Work to complete: Please return the listing below exactly, without any of its pictures.

Source data START

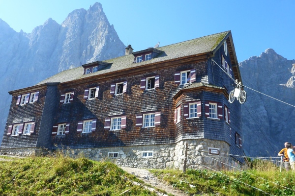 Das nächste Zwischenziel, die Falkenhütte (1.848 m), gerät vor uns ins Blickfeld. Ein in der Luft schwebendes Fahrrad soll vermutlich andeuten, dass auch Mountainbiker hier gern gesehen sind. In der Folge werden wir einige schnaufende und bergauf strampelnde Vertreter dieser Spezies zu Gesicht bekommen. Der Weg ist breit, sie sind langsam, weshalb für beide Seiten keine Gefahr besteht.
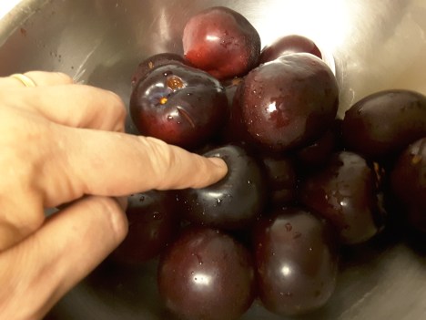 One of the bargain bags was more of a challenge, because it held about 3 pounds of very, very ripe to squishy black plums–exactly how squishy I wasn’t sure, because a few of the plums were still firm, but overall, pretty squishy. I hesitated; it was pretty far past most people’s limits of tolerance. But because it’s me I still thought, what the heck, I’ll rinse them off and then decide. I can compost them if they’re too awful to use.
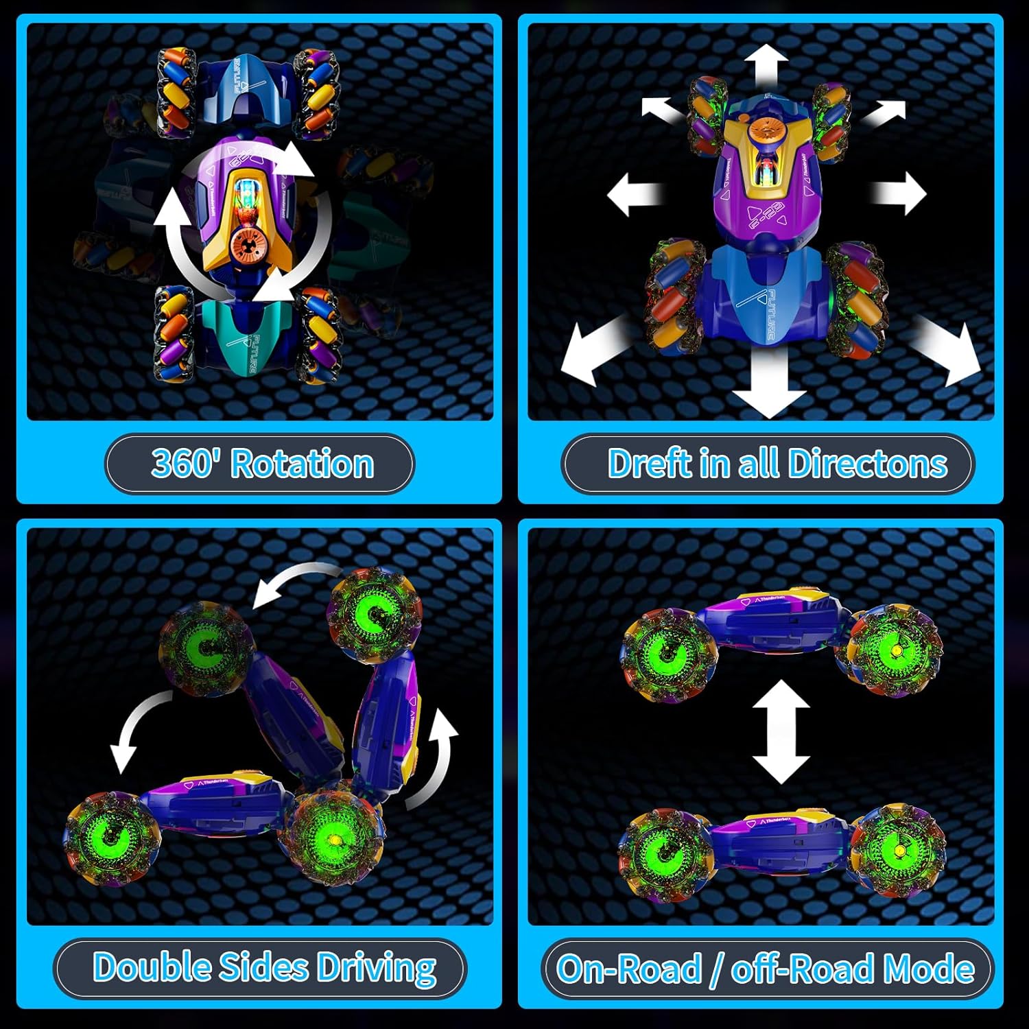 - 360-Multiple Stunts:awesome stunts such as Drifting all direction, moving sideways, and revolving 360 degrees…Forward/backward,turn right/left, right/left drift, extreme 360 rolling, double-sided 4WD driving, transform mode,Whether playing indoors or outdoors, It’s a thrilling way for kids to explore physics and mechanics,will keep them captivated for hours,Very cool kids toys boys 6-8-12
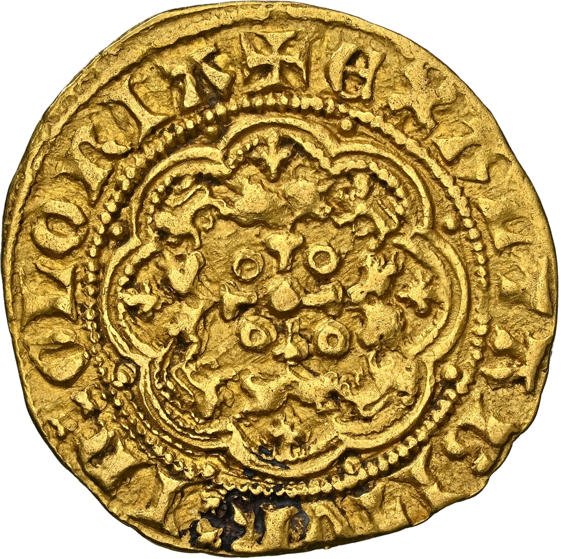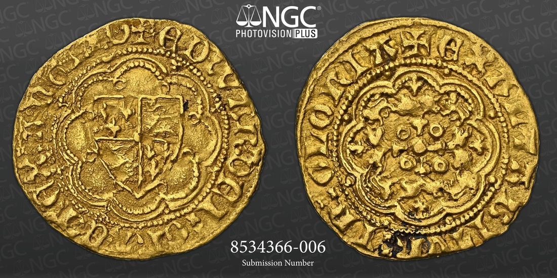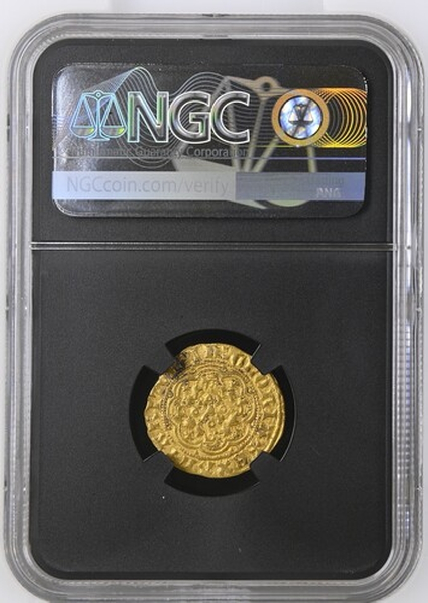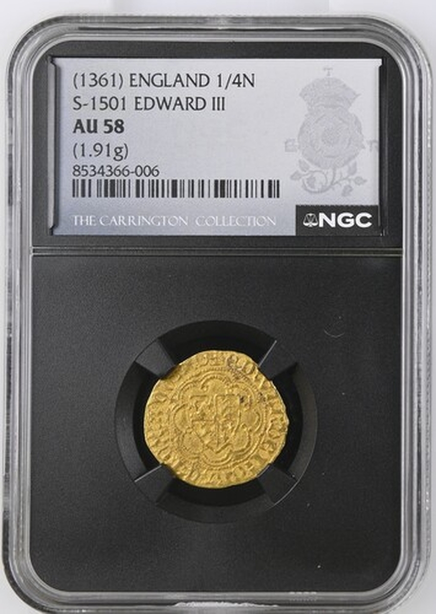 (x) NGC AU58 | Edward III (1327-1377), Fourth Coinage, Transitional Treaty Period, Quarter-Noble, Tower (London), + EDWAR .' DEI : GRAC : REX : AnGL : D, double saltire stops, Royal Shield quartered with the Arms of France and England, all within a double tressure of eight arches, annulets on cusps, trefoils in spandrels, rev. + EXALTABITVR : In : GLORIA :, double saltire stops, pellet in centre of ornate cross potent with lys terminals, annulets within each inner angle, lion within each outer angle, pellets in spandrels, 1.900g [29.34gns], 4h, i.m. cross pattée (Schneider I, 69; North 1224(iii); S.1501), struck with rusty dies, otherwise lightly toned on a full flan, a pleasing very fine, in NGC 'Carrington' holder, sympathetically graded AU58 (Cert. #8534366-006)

Source data END

Exercise output:
 Das nächste Zwischenziel, die Falkenhütte (1.848 m), gerät vor uns ins Blickfeld. Ein in der Luft schwebendes Fahrrad soll vermutlich andeuten, dass auch Mountainbiker hier gern gesehen sind. In der Folge werden wir einige schnaufende und bergauf strampelnde Vertreter dieser Spezies zu Gesicht bekommen. Der Weg ist breit, sie sind langsam, weshalb für beide Seiten keine Gefahr besteht.
 One of the bargain bags was more of a challenge, because it held about 3 pounds of very, very ripe to squishy black plums–exactly how squishy I wasn’t sure, because a few of the plums were still firm, but overall, pretty squishy. I hesitated; it was pretty far past most people’s limits of tolerance. But because it’s me I still thought, what the heck, I’ll rinse them off and then decide. I can compost them if they’re too awful to use.
 - 360-Multiple Stunts:awesome stunts such as Drifting all direction, moving sideways, and revolving 360 degrees…Forward/backward,turn right/left, right/left drift, extreme 360 rolling, double-sided 4WD driving, transform mode,Whether playing indoors or outdoors, It’s a thrilling way for kids to explore physics and mechanics,will keep them captivated for hours,Very cool kids toys boys 6-8-12
 (x) NGC AU58 | Edward III (1327-1377), Fourth Coinage, Transitional Treaty Period, Quarter-Noble, Tower (London), + EDWAR .' DEI : GRAC : REX : AnGL : D, double saltire stops, Royal Shield quartered with the Arms of France and England, all within a double tressure of eight arches, annulets on cusps, trefoils in spandrels, rev. + EXALTABITVR : In : GLORIA :, double saltire stops, pellet in centre of ornate cross potent with lys terminals, annulets within each inner angle, lion within each outer angle, pellets in spandrels, 1.900g [29.34gns], 4h, i.m. cross pattée (Schneider I, 69; North 1224(iii); S.1501), struck with rusty dies, otherwise lightly toned on a full flan, a pleasing very fine, in NGC 'Carrington' holder, sympathetically graded AU58 (Cert. #8534366-006)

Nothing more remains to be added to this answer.